Fruit flies which were heterozygous for both autosomal dominant traits aristapedia (Ar) and

star eyes (S) were mated. Since aristapedia and star eyes are both lethal when homozygous
and unlinked, one would predict ratio of 4:2:2:1 for Ar-S to Ar to S to wild type (+). Among
the offspring flies, there were 113 Ar-S, 55 Ar, 73 S, and 38 +. Test the hypothesis of a
4:2:2:1 phenotypic ratio at the 5% level of significance.

To test the hypothesis of a 4:2:2:1 phenotypic ratio, we will use a chi-square test. This statistical test compares the observed frequencies of the different phenotypes to the expected frequencies based on the given ratio.

Here are the steps to conduct the chi-square test:

Step 1: Set up the null and alternative hypotheses:
- Null hypothesis (H0): The observed phenotypic ratios follow the expected 4:2:2:1 ratio.
- Alternative hypothesis (Ha): The observed phenotypic ratios do not follow the expected 4:2:2:1 ratio.

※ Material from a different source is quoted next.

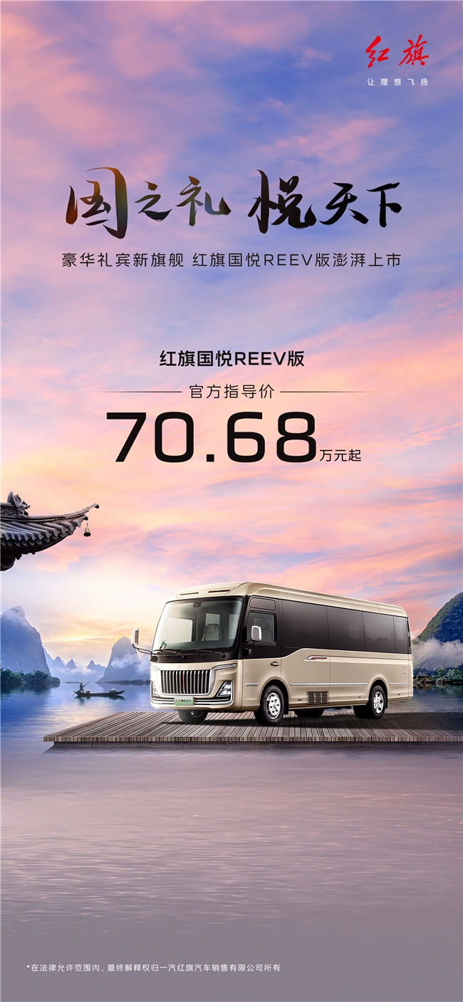 2025年3月25日,風(fēng)景如畫的桂林畔,“國之禮 悅天下”紅旗國悅REEV上市暨品牌文化體驗之旅活動隆重舉行。紅旗國悅REEV正式上市,官方指導(dǎo)價70.68萬元起。紅旗國悅REEV以“零焦慮、全場景、高舒適”為核心競爭力,通過東方禮序美學(xué)與尖端科技的深度融合,重構(gòu)航旅業(yè)高端出行生態(tài),開啟中國新能源禮賓車新篇章。

Step 2: Determine the degrees of freedom:
To determine the degrees of freedom for this test, we subtract 1 from the number of categories. In this case, there are 4 categories (Ar-S, Ar, S, +), so the degrees of freedom (df) will be 4 - 1 = 3.

Step 3: Set the significance level:
The given significance level is 5% or 0.05. This represents the probability of rejecting the null hypothesis when it is true.

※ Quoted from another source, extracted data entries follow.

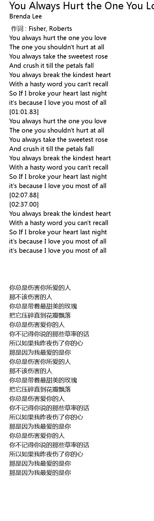 | [00:13.29] | The one you shouldn' t hurt at all |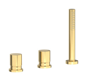 Смеситель на бортик ванной на 3 отверстия с изливом, дивертером и душевым гарнитуром. WE ARE IB rr397os Brushed Gold Brera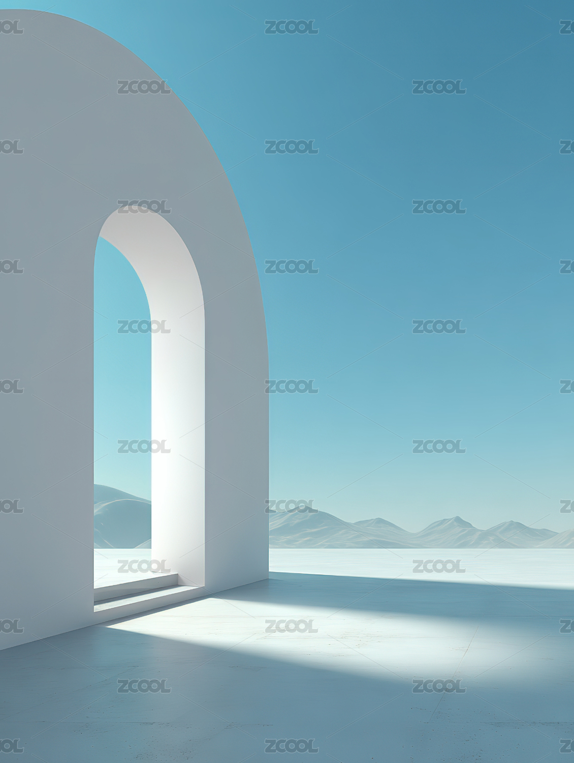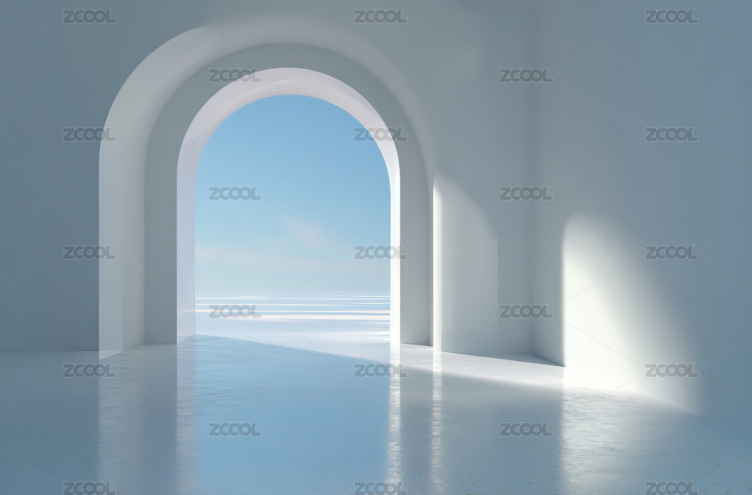 白色拱门通向海洋

Step 4: Calculate the expected frequencies:
The expected frequencies are calculated by multiplying the total number of offspring by the expected ratio for each phenotype. In this case, if the expected ratio is 4:2:2:1 and the total number of offspring is 279 (113 + 55 + 73 + 38), then we can calculate the expected frequencies as follows:
- Ar-S: (4/9) * 279 ≈ 124.00
- Ar: (2/9) * 279 ≈ 62.00
- S: (2/9) * 279 ≈ 62.00
- +: (1/9) * 279 ≈ 31.00

Step 5: Calculate the chi-square statistic:
The chi-square statistic is calculated using the formula:
χ^2 = Σ [(Observed frequency - Expected frequency)^2 / Expected frequency]

Using the observed and expected frequencies, we can calculate the chi-square statistic as follows:

χ^2 = [(113 - 124)^2 / 124] + [(55 - 62)^2 / 62] + [(73 - 62)^2 / 62] + [(38 - 31)^2 / 31]

Step 6: Look up the critical value:
Using the degrees of freedom (3) and the chosen significance level (0.05), you can consult a chi-square distribution table or use statistical software to find the critical value. For a significance level of 0.05 and 3 degrees of freedom, the critical value is approximately 7.815.

Step 7: Compare the chi-square statistic to the critical value:
If the chi-square statistic is greater than the critical value, we reject the null hypothesis. Otherwise, we fail to reject the null hypothesis.

Step 8: Interpret the results:
If the null hypothesis is rejected, it implies that the observed phenotypic ratios do not follow the expected 4:2:2:1 ratio. If the null hypothesis is not rejected, it suggests that the observed ratios are in line with the expected ratio.

That's how you can test the hypothesis of a 4:2:2:1 phenotypic ratio at the 5% level of significance using a chi-square test.